Exploring the Latency/Throughput & Cost Space for LLM Inference // Timothée Lacroix // CTO Mistral

Рет қаралды 18,608

Күн бұрын

Пікірлер: 20

@iandanforth Жыл бұрын

There seems to be a mistake in the cost estimate at 21:53. It uses the price for the A10 but the throughput of the H100. I believe the actual cost estimate would be $48, not $15.

@evermorecurious91 Жыл бұрын

This is gold!!!

@mndflctzn Жыл бұрын

This is awesome. Thanks for sharing super useful

@eduardoalvarez7152 Жыл бұрын

The math around 6:50 for A100 batch size isn't working out.

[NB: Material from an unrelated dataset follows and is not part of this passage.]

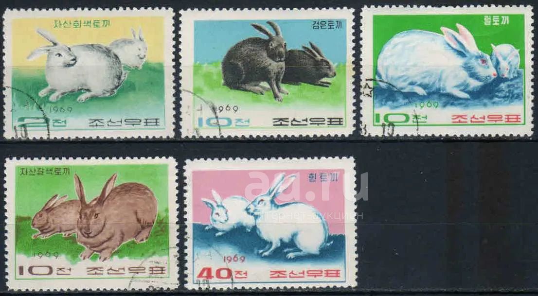 1969. Северная Корея. Кролики. Полная серия. № 946‑950

It would be great if the values used to calculate the 400 batch size were provided. Based on the equations provided for compute time and model load time, the point of intersection is Flops/(2*MemoryBand) NOT the (2*FLOPS)/MemoryBand which is in the video.

@TheAIEpiphany 8 ай бұрын

I believe it was just a piece of napkin math: in reality he didn't count in KV cache at all in the P / mem bandwidth line which is a function of sequence length. That seems like the biggest approximation error I see here? For the second line he discounted attention FLOPs and used just MLP FLOPs (the error of this approximation increases as the sequence grows, depends on the model size you're using e.g. for 7B model with a big sequence length, that term might actually be important). Additionally the peak flops is a function of the data type and the operation you're executing, he's assuming bf16/fp16 which is what Mistral 7B is using, that gives you ~312 TFLOPs/s for A100. All in all this is useful if you understand exactly the assumptions he's making.

@Venkat2811 8 ай бұрын

@@TheAIEpiphany Yes, I was looking for KV cache as well. Your explanation makes sense.

@iogbole 4 ай бұрын

The right continous profiling solution can help you find B* --> 7:23 with much less effort. 18:23 is where the power of low-level tracing with eBPF comes in; otherwise, the performance overhead is simply too high.

@frank96997 Жыл бұрын

Great talk! is there link to the slides for this talk?

@janilbolswong1953 Жыл бұрын

@5:40 why do we need to load the entire model all the time? can't we just load once? If so, we might lower the needs of memory movement, and the intersection would shift left

@attention42 Жыл бұрын

I guess "memory movement" mean movement from GPU memory(HBM) to GPU computing component. Model parameter stored in GPU memory not in compute component. So for computing model parameter moved from HBM to compute component every forward pass.

@fraternitas5117 9 ай бұрын

yes, it needs to be loaded in the gpu all the time. advanced users optimize their applications by sending an equal number of bytes as the memory maximum to optimize the utilizations of all memory in the clock cycle.

@boussouarsari4482 11 ай бұрын

It's possible that I'm misunderstanding, but given our use of a significantly large key-value cache (2GB multiplied by the batch size), can we still assert that the memory bandwidth is solely influenced by the model's weights?

@yaxiongzhao6640 7 ай бұрын

The KV cache's size is directly from the attention layer's size, which in turn is in proportional to model weights' total count So model weights still proportionally determines the kv cache size, thus the statement.